A landmark bill to replace the collegium system of judges choosing judges was today passed in the Lok Sabha after government dropped a controversial provision that required unanimity in recommendation if President seeks reconsideration.
The National Judicial Appointments Commission Bill, 2014 was passed by voice vote without any opposition after Law Minister Ravi Shankar Prasad accepted a Congress demand and moved an official amendment.
The amendment dropped the provision requiring uanimity in the Commission's recommendation if President had referred the earlier recommendation back to the collegium for reconsideration.
The official amendment, moved by Prasad, said that if the President returns the recommendation of the Commission, the panel will not have to return the recommendation for reconsideration "unanimously". If the recommendation is returned to President without a unanimous recommendation, the candidate will have to be appointed.

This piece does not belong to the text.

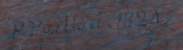Porträt eines Mädchens mit Strohhut. Bunt gemalt in Puderfarben und aquarelliert auf Elfenbeinplatte, li./mittig/sign./dat. 1824, hi./Gl. in schlichtem, goldfarbigem Rahmen. Provenienz: Kunsthandel Edwin Bucher, Basel 1979. Elfenbein-Gutachten und EU-Verkaufsgenehmigung liegen vor und können für EUR 150,00 erworben werden.

Congress member and former Law Minister M Veerappa Moily, during the debate, had raised the issue and demanded the dropping of the proposal. The Opposition felt that under the original provision of unanimity even one member can veto the Commission's recommendation.
Along with NJAC bill, the 99th Constitution Amendment Bill, which seeks to confer Constitutional status to the proposed Commission, was passed by 367 in favour and none against.
Under the statute amendment bill, Chief Justice of India will head the NJAC. Besides the CJI, the judiciary would be represented by two senior judges of the Supreme Court. Two eminent personalities and the Law Minister will be the other members of the proposed body.
While two members of the NJAC can veto any appointment, the government can return the recommendation for "reconsideration". Under the now-dropped provisions once the NJAC "unanimously" reiterates the recommendation, the government has no option but to accept it.
Piloting the bills, Prasad asserted that the measures were aimed at ensuring that only meritorious people are selected as judges to the higher judiciary.
He maintained that the proposed law does not impact upon the independence of the judiciary. The new law will provide for wider consultations for appointment of judges to the Supreme Court and High Courts.
"We are for maintaining the sanctity of the judiciary. We have said this House respects independence of judiciary. That should be assuring," he said, allaying apprehensions that new law would curb the independence of judiciary.
Seeking support of all parties, he said, "Let the message go that this House is one for maintaining dignity of the judiciary."
Suggesting that the existing collegium system of judges appointing judges had flaws, the Minister said many good judges could not make it to the Supreme Court.
Under the new law where a Commission will decide appointment of judges to Supreme Court and High Courts, seniority along with "ability" and "merit" will be considered for elevation, Prasad said.
He defended the "veto" power of any two members, saying that the provision is part of the present collegium system also. "We have made consultations more meaningful," he added.
Rejecting the demand for a state-level judicial appointment commission, Prasad said Article 124 makes it clear that only the President can appoint judges to Supreme Court and the 24 High Courts and it will be vulnerable to withstand scrutiny.
Justifying the strength of the Commission to be six in the face of questions over the figure, he said the number has been decided on the basis of sum and substance of the recommendations of various commissions which have looked into the utility of the collegium system and earlier bills.
He said MPs should trust the "collective wisdom" of the commission to elect the best of people from among judges and lawyers.
He said he would work towards creation of a data bank of lawyers and judges whose names could be recommended for elevation by the commission.
After any Constitutional amendment bill gets Parliamentary nod, it is sent to all the states and 50 per cent of the state legislatures have to ratify it. The process could take up to eight months. After ratification, the government sends it to the President for his approval.
The practice of judges appointing judges started after 1993, replacing the system of government picking judges for higher judiciary comprising the Supreme Court and high courts.
An earlier effort by the NDA-I government in 2003 to replace the collegium system met with no success. The then NDA government had introduced a Constitution amendment bill but Lok Sabha was dissolved when it was before a Standing Committee. The UPA II had also brought a similar bill but without success.